L’amicizia diventa affetto, l’affetto diventa amore, e iniziano a fare progetti, lei continua a fare riparazioni dopo il lavoro, lui riesce a diventare capo cameriere e mettono via dei soldi per il loro futuro, in previsione di un matrimonio, ma, Agnese rimane incinta e il 6 novembre del 1948 si sposano nella cattedrale di Berna senza parenti ma con qualche amico e pochi soldi fanno il pranzo nel ristorante, dove Adele e Italo lavorano. I regali ricevuti sono sei forchette, sei cucchiai, sei coltelli e un cesto di mele rosse, il 18 dicembre nasce Renzo, il primogenito. Dopo tanti sacrifici, Roberto, vuole tornare in Italia, cerca lavoro presso una casa di spedizione a Chiasso, lei sempre in una lavanderia a Lugano, hanno un’altra figlia Manuela e riescono ad acquistare il terreno per costruire la loro casetta…. iniziano però dei problemi di salute per la loro bambina e i lavori si fermano per far fronte alle spese. Allora fanno gli straordinari, lavorano a cottimo e, non si sa come, riescono a far a portare al tetto la casa ed anche a pagare le spese dell’ospedale perché il lavoro in svizzera non era coperto dall’assicurazione sanitaria. 

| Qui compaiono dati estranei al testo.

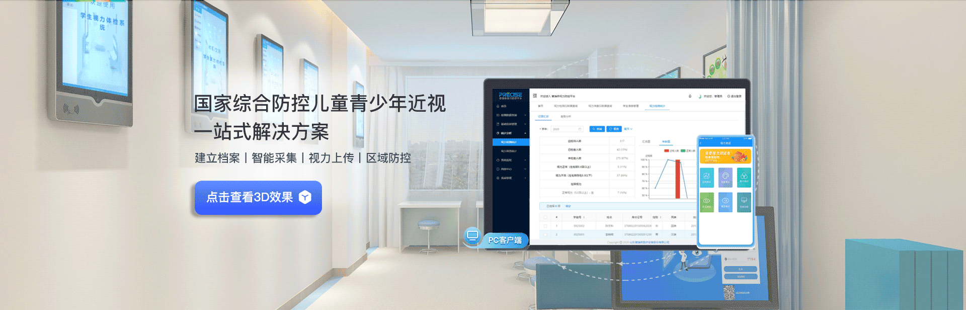 該系統(tǒng)檢測項(xiàng)目齊全,功能操作流暢并伴有溫馨的語音提示,操作簡便易上手。可多維度展示青少年視力發(fā)展趨勢并及時(shí)預(yù)警,為教育和醫(yī)療機(jī)構(gòu)及家長提供視力健康預(yù)防和干預(yù)治療的參考方案,共同呵護(hù)孩子的眼睛健康,讓他們擁有一個(gè)光明的未來。

Nel gennaio del 1961 dopo una gravidanza strana, nasce Enrica, nata di sette mesi pesava un chilo e 350 grammi, è stata in incubatrice per 47 giorni, non ha unghie ma è piena pienissima di capelli, questo scricciolo non si può abbandonare. Agnese si licenzia dalla lavanderia e mentre accudisce la figlia lava a mano per la caserma della guardia di finanza che c’è in paese. Lava a mano per una comunità di 40 persone abiti civili e divise militari oltre ad accudire una famiglia di 5 persone. Agnese e Roberto, insieme riescono a terminare la casa e vanno ad abitarci. Intanto, con il latte materno, Enrica cresce bene e diventa una bella bimba. Dopo 5 anni Agnese rimane di nuovo incinta, ha 40 anni e un figlio di 18 e si vergogna della nuova maternità. Con l'età sopraggiungono anche problemi di salute e i medici consigliano un aborto terapeutico ma proprio Renzo, il figlio più grande, chiede alla mamma di non farlo. Le risorse dell’essere umano a volte sono inspiegabili, la gravidanza va avanti e nasce una bambina di kg 5,100, la chiamano Cinzia.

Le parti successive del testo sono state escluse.